Lipton even advocates having a “historian in residence”, who can alert quants to past episodes that might confirm or confound their assumptions. “And I don’t mean how things were five years ago in London. I mean in Budapest in the 1930s or Tokyo in the 1940s.” Finding such arcane data takes time and money, he acknowledges. “You need to go down a lot of rabbit holes to get it.”

Machine learning and newer alternative data may also have a role to play. Lipton and Marcos Lopez de Prado wrote for in April about how these could help quants find previously missed patterns and detect shifts in the macroeconomic environment in near real time.

Will quants change the way they work? That probably depends on what asset owners do. Some say clients are already favouring a more opportunistic approach.

Toby Goodworth at bfinance advises institutions on quant fund selection.
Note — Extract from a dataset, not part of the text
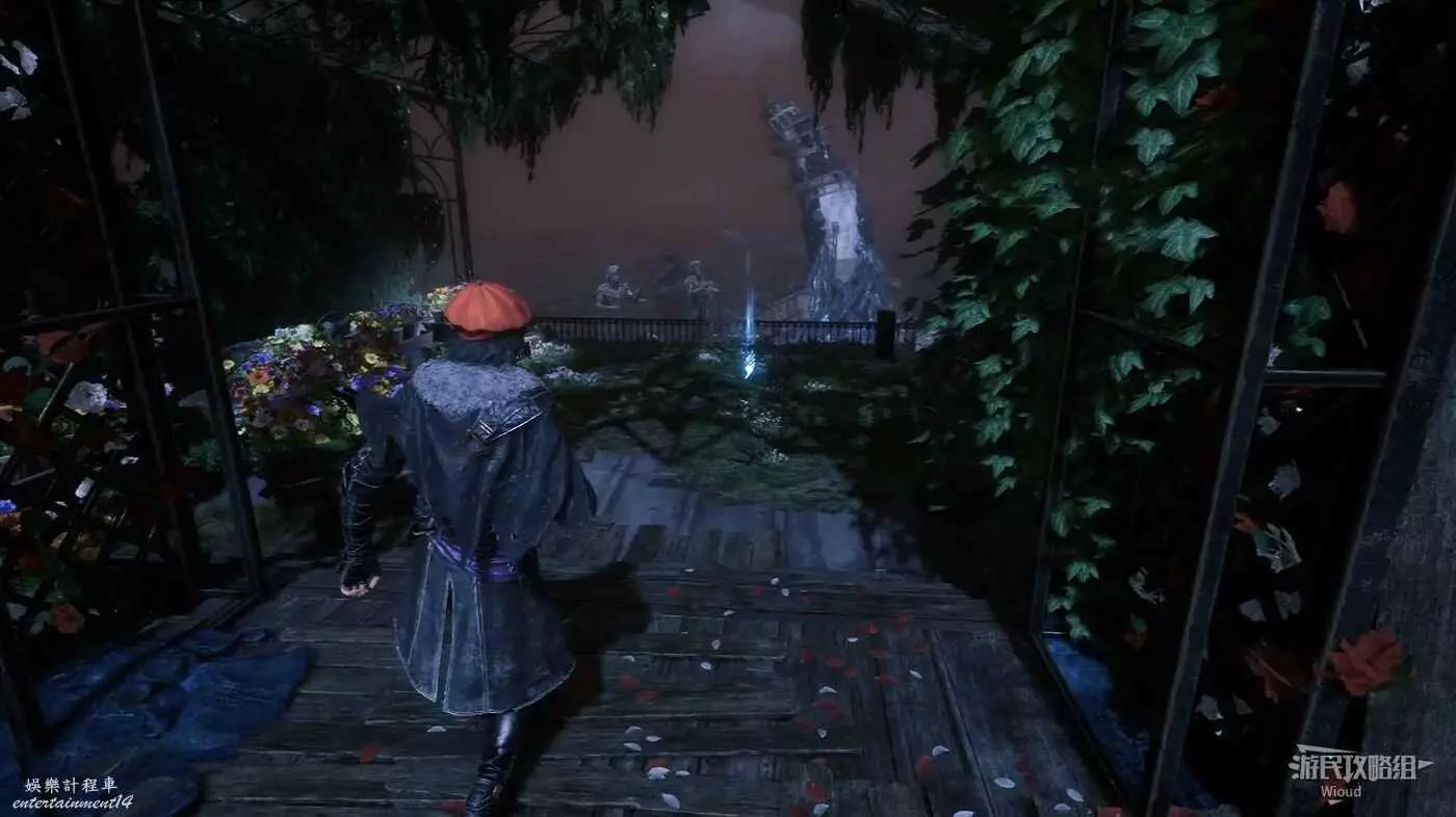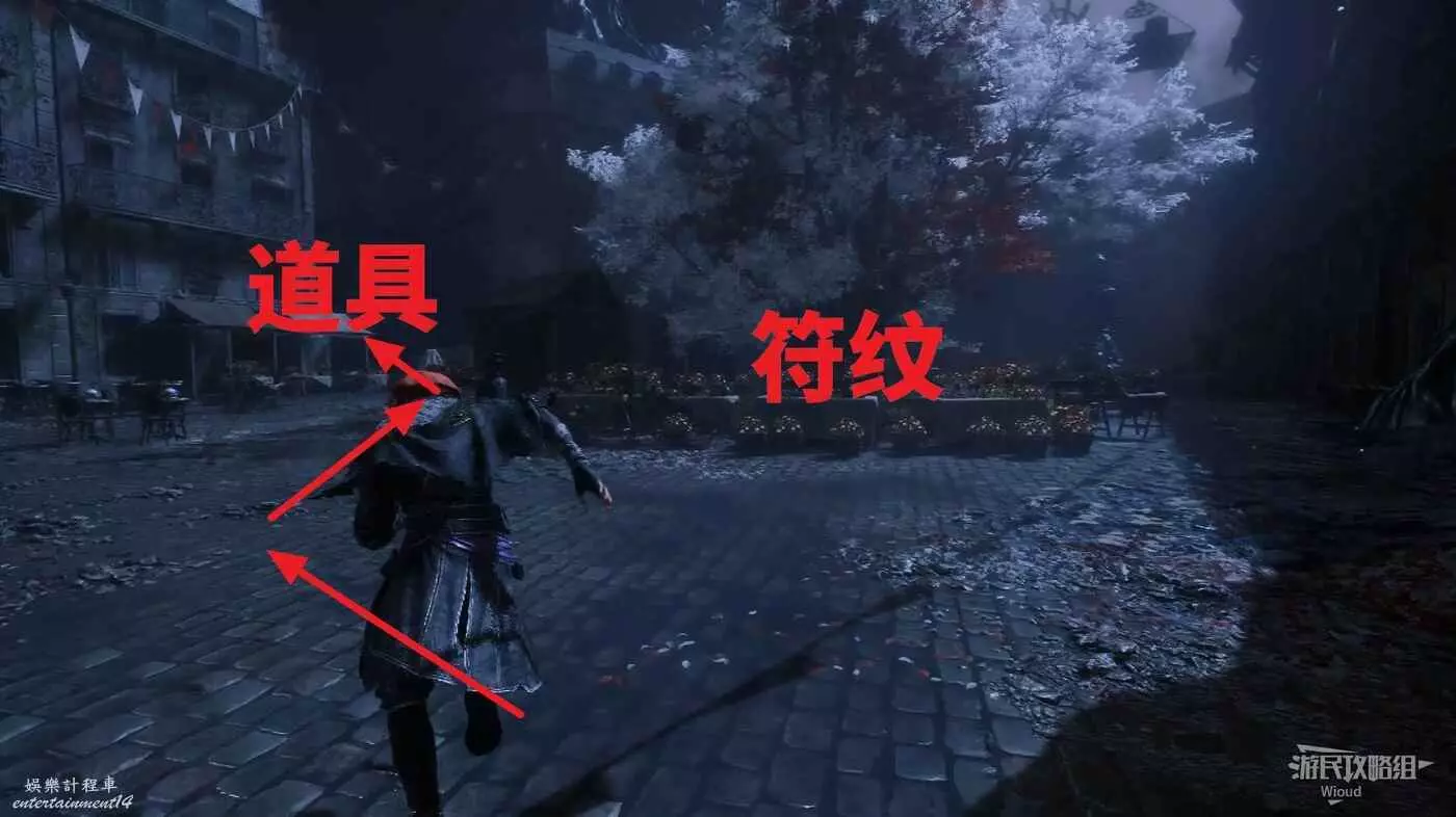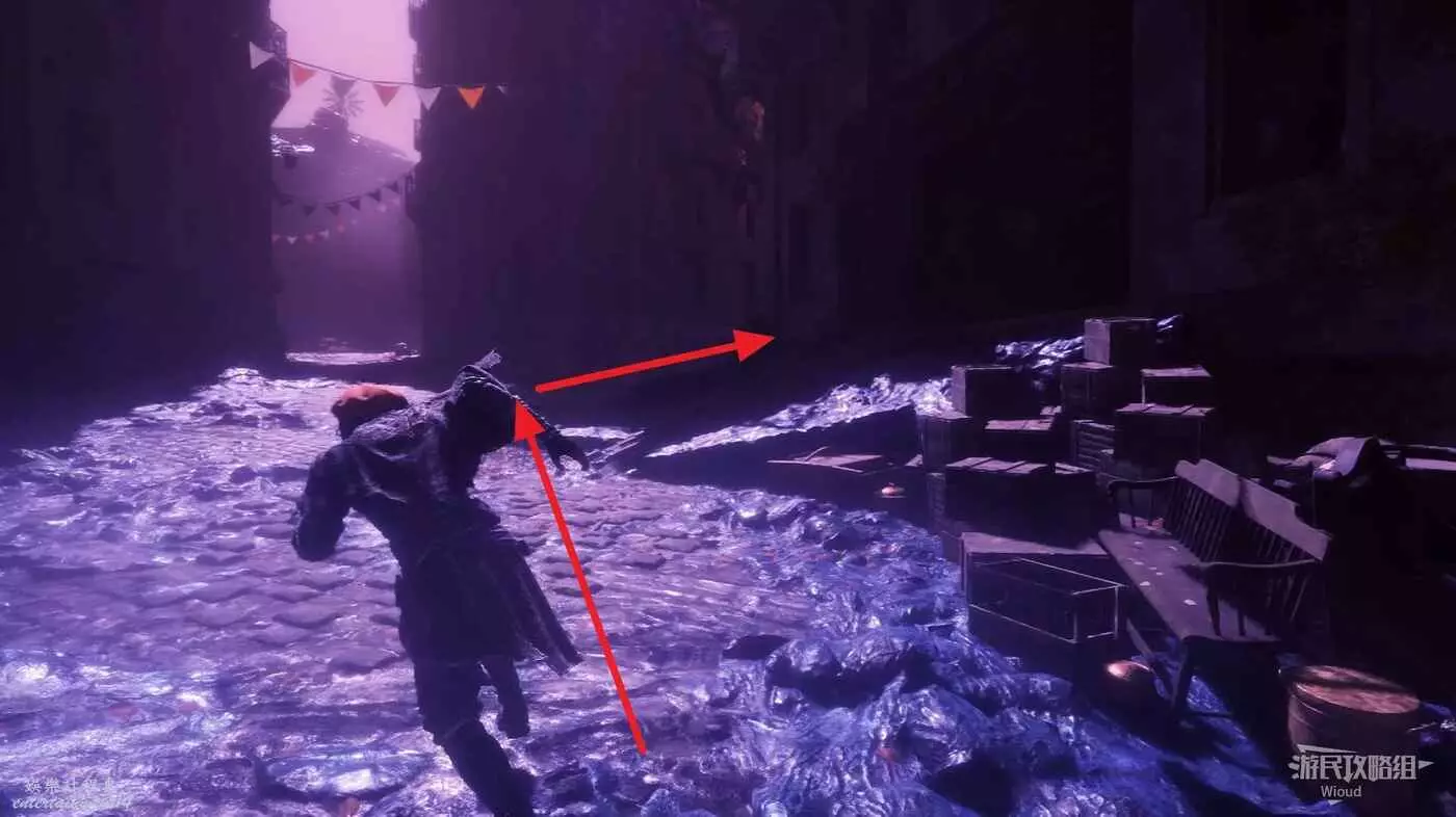 走噴泉後方主路,擊敗第一批敵人後,右側有個過道,裡面比較黑,可以撿到強化道具。

Flows into quant strategies have been growing in recent months, as investors look for alternatives to traditional fixed income, he tells

At the same time, clients are seeking more adaptability. “They’re choosing multi-strategy relative value funds – not a specific credit arbitrage, not just equity market neutral, not just merger arbitrage, but all those things combined in a more tactical approach.”

In the face of uncertainty, Goodworth says, clients want an approach that allows for “more responsive tuning”. Cleaving to the past, it seems, is going out of fashion.